Ilargi: As we are witnessing our coasts, our economies, our societies and the world as we've ever known it crumble, shatter and evaporate, it's high time to look beyond today, and towards the white swans we all know are out there approaching but prefer not to see.

Somewhat ironically, it may be the disaster called Deepwater Horizon, a name that will for future generations not just be mentioned in the same breath as Three Mile Island and Chernobyl, but many miles and way before them, that will tell the age old story of how an economical crisis driven too far inevitably must become a political one, once "our" politicians run out of excuses and, more importantly, other people’s money.

Those of you who're read me over the years are intimately familiar with the call, the prediction, the idea, the process, the cause and the effect. Those who haven't are welcome for the ride from here on in.

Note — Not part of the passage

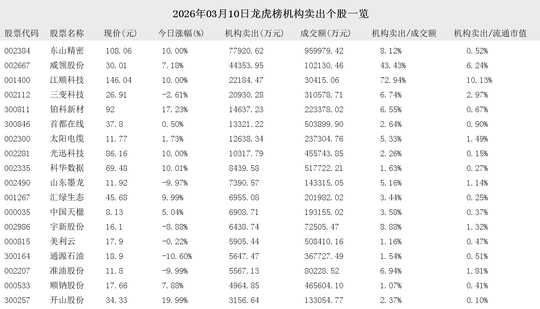 2026年03月10日盘后龙虎榜公开信息中,有43支股票出现了机构的身影。其中,有18支股票出现了机构买入,25支股票出现了机构卖出。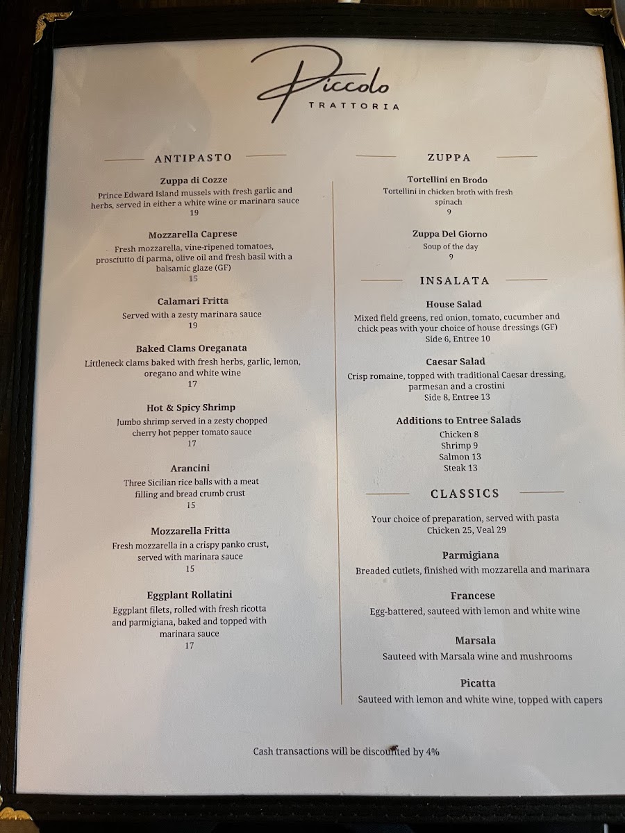 “ We come to Piccolo's at least once a month. I love the fact that specials are always posted on Facebook... I have yet to actually order a meal off the menu myself... there's always an amazing special I want! The arancini balls are our favorite appetizer and the creme Brule is amazing!! The servers are always so sweet and the atmosphere is so nice. Thank you for the birthday song to my wife, tonight! ”

What we live today has long since ceased to be a financial crisis: it's all political now. A political apparatus that is wholly owned by the financial and corporate interests it’s legislated to control is bound to provide for a roller coaster that goes up and down for a while but must eventually end up in a place so down and deep and dark none of us have ever seen it, been there, nor would wish to . Which is where and why politics as we’ve come to know it is hell-bent to self-destruct. And what then?

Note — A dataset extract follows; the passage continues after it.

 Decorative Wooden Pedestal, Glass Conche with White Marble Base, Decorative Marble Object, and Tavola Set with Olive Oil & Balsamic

Stoneleigh provides a peak into the inner workings:









Stoneleigh: On the Nature of Political Crisis


Given that we are facing not just a financial crisis, but a major political crisis, as Ilargi has pointed out many times, I thought it might be appropriate to explore the nature of politics - the art of the possible - in a little more depth . That will make the nature of political crisis much clearer.

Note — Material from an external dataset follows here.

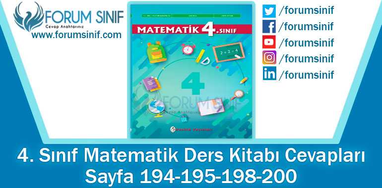 4. Sınıf Matematik Ders Kitabı 194-195-198-200. Sayfa Cevapları Pasifik Yayınları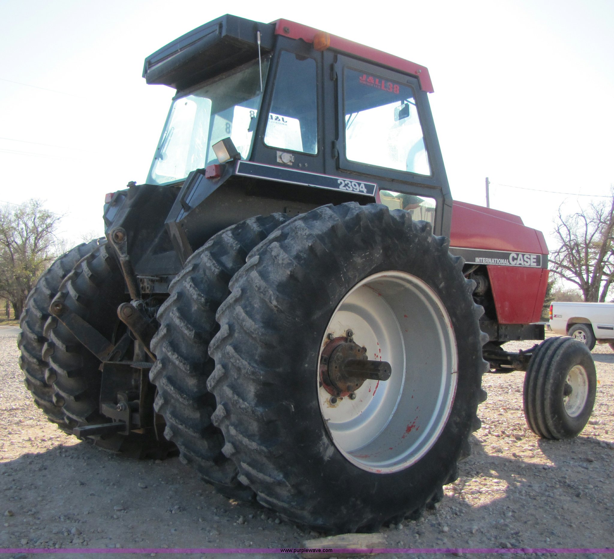 Purple Wave is selling a used Tractor in Oklahoma. This item is a 1984 Case IH 2394 tractor with the following: 7,373 hours on meter, Case 8.3L six cylinder diesel engine, 162 PTO HP, Powershift transmission, 24F-3R gears, AC and heat, Tilt, AM/FM/CD, Three point, Draw bar, 1000 PTO, (2) rear hydraulic remote sets, 85 gallon fuel tank, 11.00-16 front tires, 18.4-38 rear duals, Rear wheel weights, New inside rear tires, Fluid lead on right side of tractor where tractor splits, Serial 9934936

To begin with, all human political structures, existing at all scales simultaneously, are essentially predatory. They exist to convey wealth and resources from the periphery to the centre, thereby enabling an enhanced level of socio-economic complexity. Each centre - whether municipal, regional, national or international - has its corresponding periphery – the region from which it can extract surpluses. (For more on this concept, see Entropy and Empire)

During expansionary times, larger and larger political structures -can- develop through accretion. Ancient imperiums would have done this mostly by physical force, integrating subjugated territories into the tax base by extracting surpluses of resources, wealth and labour. We have achieved much the same thing at a global level through economic means, binding additional polities into the larger structure through international monetary mechanisms such as the Bretton Woods institutions (IMF, World Bank and GATT, fore-runner of the WTO). The current economic imperium of the developed world is truly unprecedented in scale.

To simplify for a moment, one can build an analogy between layers of political control and levels of predation in a natural system. The number of levels of predation a natural system can support depends essentially on the amount of energy available at the level of primary production and the amount of energy required to harvest it. More richly endowed areas will be able to support -more- complex food webs with many levels of predation.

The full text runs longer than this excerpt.